--- About this exercise ---
For this exercise, print the listing below exactly, without its pictures.

--- Dataset excerpts ---
—————

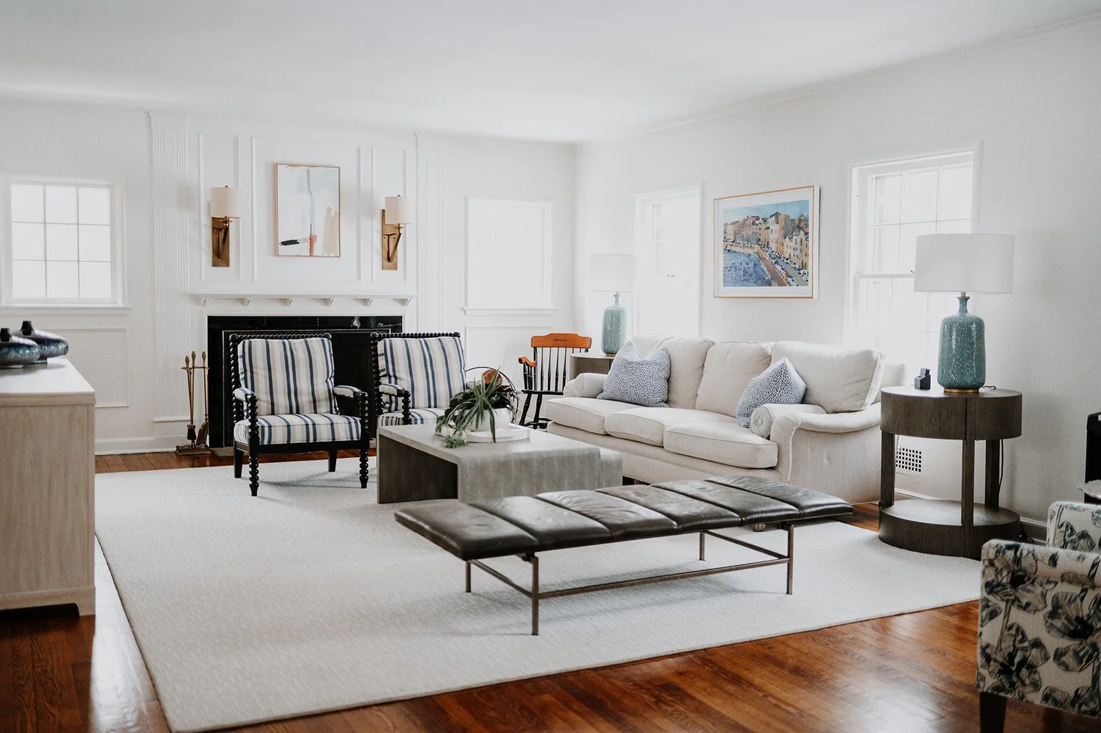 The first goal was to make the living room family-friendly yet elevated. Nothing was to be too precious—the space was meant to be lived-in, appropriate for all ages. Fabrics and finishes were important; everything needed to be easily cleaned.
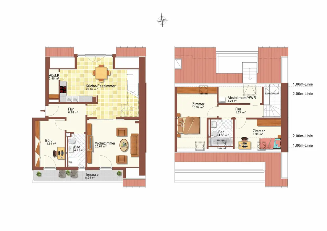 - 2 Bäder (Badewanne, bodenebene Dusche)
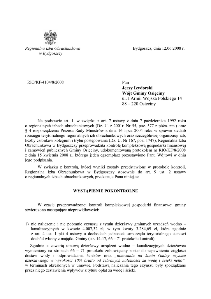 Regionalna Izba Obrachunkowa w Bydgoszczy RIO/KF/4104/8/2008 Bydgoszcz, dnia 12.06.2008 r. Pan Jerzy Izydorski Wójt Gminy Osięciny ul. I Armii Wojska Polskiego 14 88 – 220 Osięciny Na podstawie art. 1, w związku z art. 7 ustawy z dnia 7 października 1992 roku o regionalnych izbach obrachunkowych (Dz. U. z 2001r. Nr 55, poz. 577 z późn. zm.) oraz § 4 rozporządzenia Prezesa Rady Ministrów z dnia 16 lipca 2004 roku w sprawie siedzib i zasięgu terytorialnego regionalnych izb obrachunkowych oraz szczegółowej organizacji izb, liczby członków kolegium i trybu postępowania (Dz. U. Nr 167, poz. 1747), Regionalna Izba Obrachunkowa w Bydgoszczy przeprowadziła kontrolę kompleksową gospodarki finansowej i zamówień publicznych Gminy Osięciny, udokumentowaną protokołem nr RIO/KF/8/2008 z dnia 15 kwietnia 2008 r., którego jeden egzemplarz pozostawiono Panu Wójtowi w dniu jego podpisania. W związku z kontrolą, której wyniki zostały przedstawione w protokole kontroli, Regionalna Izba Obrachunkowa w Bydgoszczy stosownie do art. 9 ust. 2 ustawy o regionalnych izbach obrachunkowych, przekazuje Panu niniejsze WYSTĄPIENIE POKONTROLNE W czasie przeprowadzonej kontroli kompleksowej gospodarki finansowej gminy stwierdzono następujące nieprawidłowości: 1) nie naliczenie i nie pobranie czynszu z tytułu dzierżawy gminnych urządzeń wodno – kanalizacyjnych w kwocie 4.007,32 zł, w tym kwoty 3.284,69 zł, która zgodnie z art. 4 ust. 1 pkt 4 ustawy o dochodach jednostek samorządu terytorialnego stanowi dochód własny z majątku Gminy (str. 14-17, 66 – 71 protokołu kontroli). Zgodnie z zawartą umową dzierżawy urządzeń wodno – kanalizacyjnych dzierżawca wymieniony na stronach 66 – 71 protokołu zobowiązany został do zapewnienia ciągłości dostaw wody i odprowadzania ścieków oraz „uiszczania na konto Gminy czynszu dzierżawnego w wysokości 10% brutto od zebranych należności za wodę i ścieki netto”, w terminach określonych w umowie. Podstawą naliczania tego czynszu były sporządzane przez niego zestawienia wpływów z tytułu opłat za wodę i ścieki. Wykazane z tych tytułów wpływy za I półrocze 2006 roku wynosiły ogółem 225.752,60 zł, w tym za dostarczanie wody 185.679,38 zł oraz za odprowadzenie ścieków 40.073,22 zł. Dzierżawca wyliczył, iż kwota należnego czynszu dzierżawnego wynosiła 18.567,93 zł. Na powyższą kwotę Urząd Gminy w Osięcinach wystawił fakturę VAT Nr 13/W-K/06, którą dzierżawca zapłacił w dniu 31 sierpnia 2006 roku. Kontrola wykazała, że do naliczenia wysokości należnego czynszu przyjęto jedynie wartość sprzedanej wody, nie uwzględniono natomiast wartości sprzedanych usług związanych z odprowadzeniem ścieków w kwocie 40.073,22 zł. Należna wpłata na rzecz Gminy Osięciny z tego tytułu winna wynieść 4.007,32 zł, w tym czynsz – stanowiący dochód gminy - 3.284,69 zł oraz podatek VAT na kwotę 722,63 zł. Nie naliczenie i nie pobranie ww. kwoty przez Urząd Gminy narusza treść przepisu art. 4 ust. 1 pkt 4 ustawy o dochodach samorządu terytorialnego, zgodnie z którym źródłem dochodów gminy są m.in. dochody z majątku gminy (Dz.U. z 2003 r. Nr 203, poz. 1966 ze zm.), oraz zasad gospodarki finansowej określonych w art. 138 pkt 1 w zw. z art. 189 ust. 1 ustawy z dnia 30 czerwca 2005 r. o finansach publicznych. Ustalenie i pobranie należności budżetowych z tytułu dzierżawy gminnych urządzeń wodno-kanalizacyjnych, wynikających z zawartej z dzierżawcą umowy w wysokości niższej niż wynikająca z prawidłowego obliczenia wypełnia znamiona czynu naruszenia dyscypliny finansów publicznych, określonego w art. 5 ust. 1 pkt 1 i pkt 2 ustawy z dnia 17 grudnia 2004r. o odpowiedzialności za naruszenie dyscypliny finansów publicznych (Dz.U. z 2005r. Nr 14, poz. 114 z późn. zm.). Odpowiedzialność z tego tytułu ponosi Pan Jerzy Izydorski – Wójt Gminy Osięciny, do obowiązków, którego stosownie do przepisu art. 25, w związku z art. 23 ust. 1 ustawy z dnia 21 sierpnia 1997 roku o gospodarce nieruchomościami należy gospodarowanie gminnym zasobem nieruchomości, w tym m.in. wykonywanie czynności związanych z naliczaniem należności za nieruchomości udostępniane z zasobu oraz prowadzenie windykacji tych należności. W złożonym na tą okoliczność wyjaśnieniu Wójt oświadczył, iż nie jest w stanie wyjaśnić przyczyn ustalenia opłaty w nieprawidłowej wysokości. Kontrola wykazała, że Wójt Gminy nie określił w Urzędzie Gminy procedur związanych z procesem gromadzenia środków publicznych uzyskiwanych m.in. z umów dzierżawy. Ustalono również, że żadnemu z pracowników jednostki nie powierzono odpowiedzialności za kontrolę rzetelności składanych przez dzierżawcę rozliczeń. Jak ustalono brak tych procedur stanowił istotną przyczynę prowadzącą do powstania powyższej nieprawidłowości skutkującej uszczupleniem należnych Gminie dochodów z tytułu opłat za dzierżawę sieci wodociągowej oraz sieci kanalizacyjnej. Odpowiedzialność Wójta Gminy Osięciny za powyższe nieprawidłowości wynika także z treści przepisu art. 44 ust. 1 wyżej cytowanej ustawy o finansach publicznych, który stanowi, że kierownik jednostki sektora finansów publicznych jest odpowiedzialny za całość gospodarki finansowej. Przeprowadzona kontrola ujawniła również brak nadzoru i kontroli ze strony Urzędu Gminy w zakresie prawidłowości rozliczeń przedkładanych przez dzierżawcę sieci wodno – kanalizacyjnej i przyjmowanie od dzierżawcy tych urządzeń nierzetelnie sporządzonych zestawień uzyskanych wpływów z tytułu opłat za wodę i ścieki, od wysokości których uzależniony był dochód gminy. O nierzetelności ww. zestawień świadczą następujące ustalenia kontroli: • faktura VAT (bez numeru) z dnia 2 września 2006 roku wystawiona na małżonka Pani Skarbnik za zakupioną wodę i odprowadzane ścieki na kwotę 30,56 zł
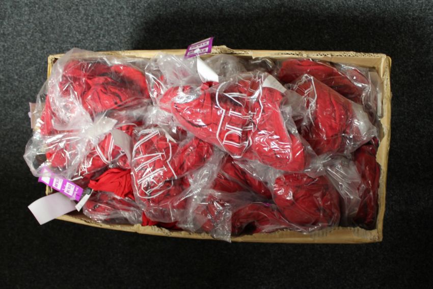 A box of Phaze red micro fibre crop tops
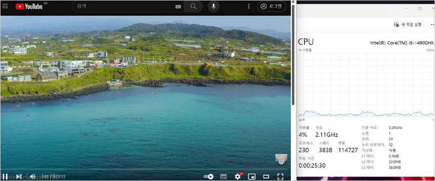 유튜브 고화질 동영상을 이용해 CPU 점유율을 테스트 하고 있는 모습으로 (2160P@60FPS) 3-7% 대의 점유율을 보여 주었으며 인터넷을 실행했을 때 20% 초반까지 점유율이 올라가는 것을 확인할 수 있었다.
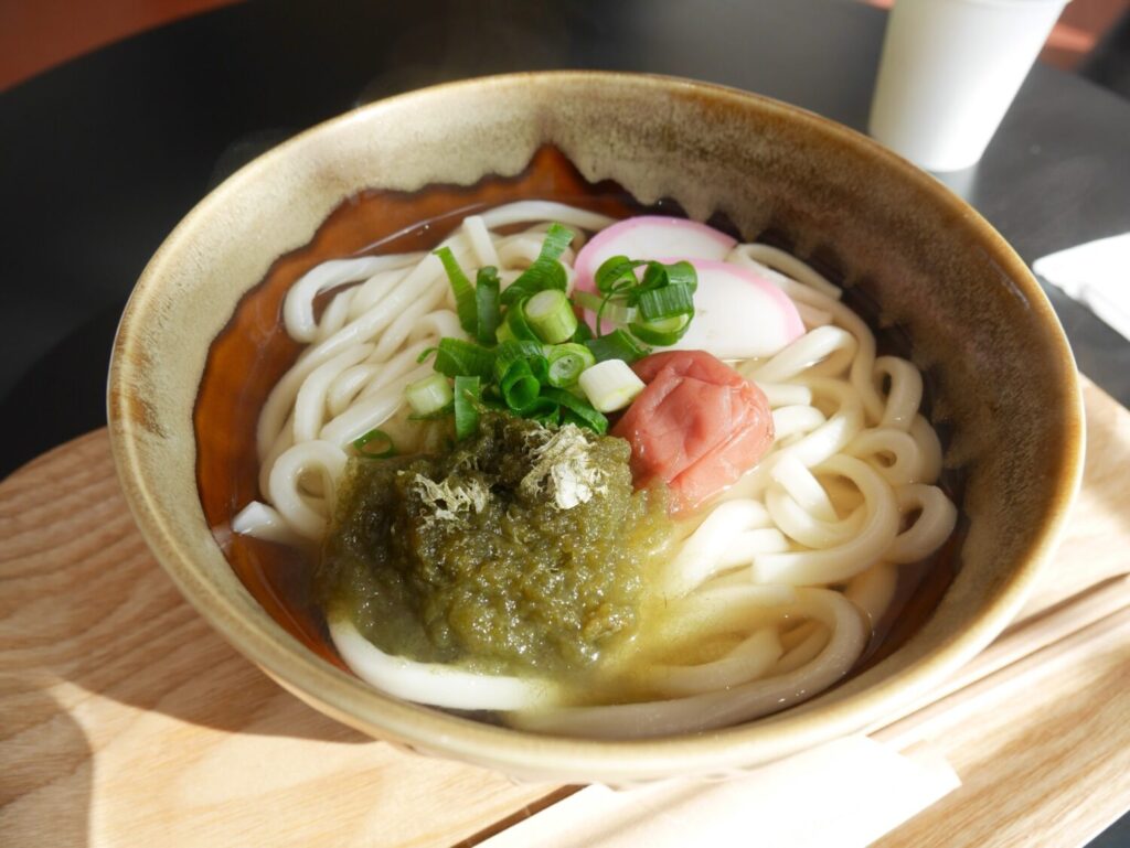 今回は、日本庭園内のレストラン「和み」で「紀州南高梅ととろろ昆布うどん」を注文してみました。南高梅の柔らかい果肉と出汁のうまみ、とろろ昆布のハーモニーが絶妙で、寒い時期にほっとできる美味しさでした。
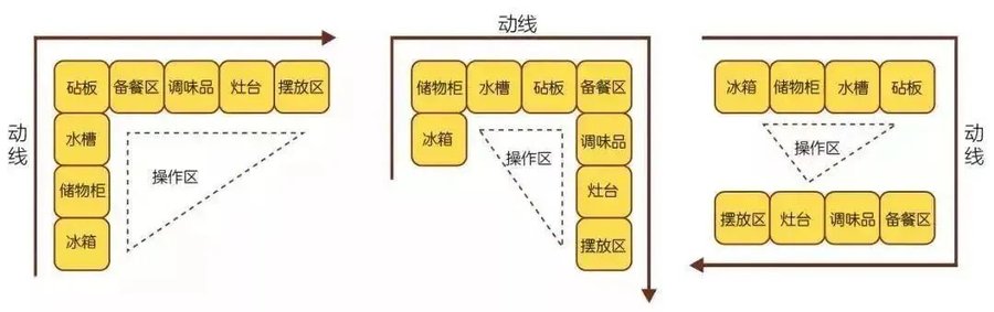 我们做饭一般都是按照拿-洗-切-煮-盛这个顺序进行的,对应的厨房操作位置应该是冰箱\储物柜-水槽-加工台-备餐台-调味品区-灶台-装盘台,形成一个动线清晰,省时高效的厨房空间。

—————

--- Exercise output ---
 The first goal was to make the living room family-friendly yet elevated. Nothing was to be too precious—the space was meant to be lived-in, appropriate for all ages. Fabrics and finishes were important; everything needed to be easily cleaned.
 - 2 Bäder (Badewanne, bodenebene Dusche)
 Regionalna Izba Obrachunkowa w Bydgoszczy RIO/KF/4104/8/2008 Bydgoszcz, dnia 12.06.2008 r. Pan Jerzy Izydorski Wójt Gminy Osięciny ul. I Armii Wojska Polskiego 14 88 – 220 Osięciny Na podstawie art. 1, w związku z art. 7 ustawy z dnia 7 października 1992 roku o regionalnych izbach obrachunkowych (Dz. U. z 2001r. Nr 55, poz. 577 z późn. zm.) oraz § 4 rozporządzenia Prezesa Rady Ministrów z dnia 16 lipca 2004 roku w sprawie siedzib i zasięgu terytorialnego regionalnych izb obrachunkowych oraz szczegółowej organizacji izb, liczby członków kolegium i trybu postępowania (Dz. U. Nr 167, poz. 1747), Regionalna Izba Obrachunkowa w Bydgoszczy przeprowadziła kontrolę kompleksową gospodarki finansowej i zamówień publicznych Gminy Osięciny, udokumentowaną protokołem nr RIO/KF/8/2008 z dnia 15 kwietnia 2008 r., którego jeden egzemplarz pozostawiono Panu Wójtowi w dniu jego podpisania. W związku z kontrolą, której wyniki zostały przedstawione w protokole kontroli, Regionalna Izba Obrachunkowa w Bydgoszczy stosownie do art. 9 ust. 2 ustawy o regionalnych izbach obrachunkowych, przekazuje Panu niniejsze WYSTĄPIENIE POKONTROLNE W czasie przeprowadzonej kontroli kompleksowej gospodarki finansowej gminy stwierdzono następujące nieprawidłowości: 1) nie naliczenie i nie pobranie czynszu z tytułu dzierżawy gminnych urządzeń wodno – kanalizacyjnych w kwocie 4.007,32 zł, w tym kwoty 3.284,69 zł, która zgodnie z art. 4 ust. 1 pkt 4 ustawy o dochodach jednostek samorządu terytorialnego stanowi dochód własny z majątku Gminy (str. 14-17, 66 – 71 protokołu kontroli). Zgodnie z zawartą umową dzierżawy urządzeń wodno – kanalizacyjnych dzierżawca wymieniony na stronach 66 – 71 protokołu zobowiązany został do zapewnienia ciągłości dostaw wody i odprowadzania ścieków oraz „uiszczania na konto Gminy czynszu dzierżawnego w wysokości 10% brutto od zebranych należności za wodę i ścieki netto”, w terminach określonych w umowie. Podstawą naliczania tego czynszu były sporządzane przez niego zestawienia wpływów z tytułu opłat za wodę i ścieki. Wykazane z tych tytułów wpływy za I półrocze 2006 roku wynosiły ogółem 225.752,60 zł, w tym za dostarczanie wody 185.679,38 zł oraz za odprowadzenie ścieków 40.073,22 zł. Dzierżawca wyliczył, iż kwota należnego czynszu dzierżawnego wynosiła 18.567,93 zł. Na powyższą kwotę Urząd Gminy w Osięcinach wystawił fakturę VAT Nr 13/W-K/06, którą dzierżawca zapłacił w dniu 31 sierpnia 2006 roku. Kontrola wykazała, że do naliczenia wysokości należnego czynszu przyjęto jedynie wartość sprzedanej wody, nie uwzględniono natomiast wartości sprzedanych usług związanych z odprowadzeniem ścieków w kwocie 40.073,22 zł. Należna wpłata na rzecz Gminy Osięciny z tego tytułu winna wynieść 4.007,32 zł, w tym czynsz – stanowiący dochód gminy - 3.284,69 zł oraz podatek VAT na kwotę 722,63 zł. Nie naliczenie i nie pobranie ww. kwoty przez Urząd Gminy narusza treść przepisu art. 4 ust. 1 pkt 4 ustawy o dochodach samorządu terytorialnego, zgodnie z którym źródłem dochodów gminy są m.in. dochody z majątku gminy (Dz.U. z 2003 r. Nr 203, poz. 1966 ze zm.), oraz zasad gospodarki finansowej określonych w art. 138 pkt 1 w zw. z art. 189 ust. 1 ustawy z dnia 30 czerwca 2005 r. o finansach publicznych. Ustalenie i pobranie należności budżetowych z tytułu dzierżawy gminnych urządzeń wodno-kanalizacyjnych, wynikających z zawartej z dzierżawcą umowy w wysokości niższej niż wynikająca z prawidłowego obliczenia wypełnia znamiona czynu naruszenia dyscypliny finansów publicznych, określonego w art. 5 ust. 1 pkt 1 i pkt 2 ustawy z dnia 17 grudnia 2004r. o odpowiedzialności za naruszenie dyscypliny finansów publicznych (Dz.U. z 2005r. Nr 14, poz. 114 z późn. zm.). Odpowiedzialność z tego tytułu ponosi Pan Jerzy Izydorski – Wójt Gminy Osięciny, do obowiązków, którego stosownie do przepisu art. 25, w związku z art. 23 ust. 1 ustawy z dnia 21 sierpnia 1997 roku o gospodarce nieruchomościami należy gospodarowanie gminnym zasobem nieruchomości, w tym m.in. wykonywanie czynności związanych z naliczaniem należności za nieruchomości udostępniane z zasobu oraz prowadzenie windykacji tych należności. W złożonym na tą okoliczność wyjaśnieniu Wójt oświadczył, iż nie jest w stanie wyjaśnić przyczyn ustalenia opłaty w nieprawidłowej wysokości. Kontrola wykazała, że Wójt Gminy nie określił w Urzędzie Gminy procedur związanych z procesem gromadzenia środków publicznych uzyskiwanych m.in. z umów dzierżawy. Ustalono również, że żadnemu z pracowników jednostki nie powierzono odpowiedzialności za kontrolę rzetelności składanych przez dzierżawcę rozliczeń. Jak ustalono brak tych procedur stanowił istotną przyczynę prowadzącą do powstania powyższej nieprawidłowości skutkującej uszczupleniem należnych Gminie dochodów z tytułu opłat za dzierżawę sieci wodociągowej oraz sieci kanalizacyjnej. Odpowiedzialność Wójta Gminy Osięciny za powyższe nieprawidłowości wynika także z treści przepisu art. 44 ust. 1 wyżej cytowanej ustawy o finansach publicznych, który stanowi, że kierownik jednostki sektora finansów publicznych jest odpowiedzialny za całość gospodarki finansowej. Przeprowadzona kontrola ujawniła również brak nadzoru i kontroli ze strony Urzędu Gminy w zakresie prawidłowości rozliczeń przedkładanych przez dzierżawcę sieci wodno – kanalizacyjnej i przyjmowanie od dzierżawcy tych urządzeń nierzetelnie sporządzonych zestawień uzyskanych wpływów z tytułu opłat za wodę i ścieki, od wysokości których uzależniony był dochód gminy. O nierzetelności ww. zestawień świadczą następujące ustalenia kontroli: • faktura VAT (bez numeru) z dnia 2 września 2006 roku wystawiona na małżonka Pani Skarbnik za zakupioną wodę i odprowadzane ścieki na kwotę 30,56 zł
 A box of Phaze red micro fibre crop tops
 유튜브 고화질 동영상을 이용해 CPU 점유율을 테스트 하고 있는 모습으로 (2160P@60FPS) 3-7% 대의 점유율을 보여 주었으며 인터넷을 실행했을 때 20% 초반까지 점유율이 올라가는 것을 확인할 수 있었다.
 今回は、日本庭園内のレストラン「和み」で「紀州南高梅ととろろ昆布うどん」を注文してみました。南高梅の柔らかい果肉と出汁のうまみ、とろろ昆布のハーモニーが絶妙で、寒い時期にほっとできる美味しさでした。
 我们做饭一般都是按照拿-洗-切-煮-盛这个顺序进行的,对应的厨房操作位置应该是冰箱\储物柜-水槽-加工台-备餐台-调味品区-灶台-装盘台,形成一个动线清晰,省时高效的厨房空间。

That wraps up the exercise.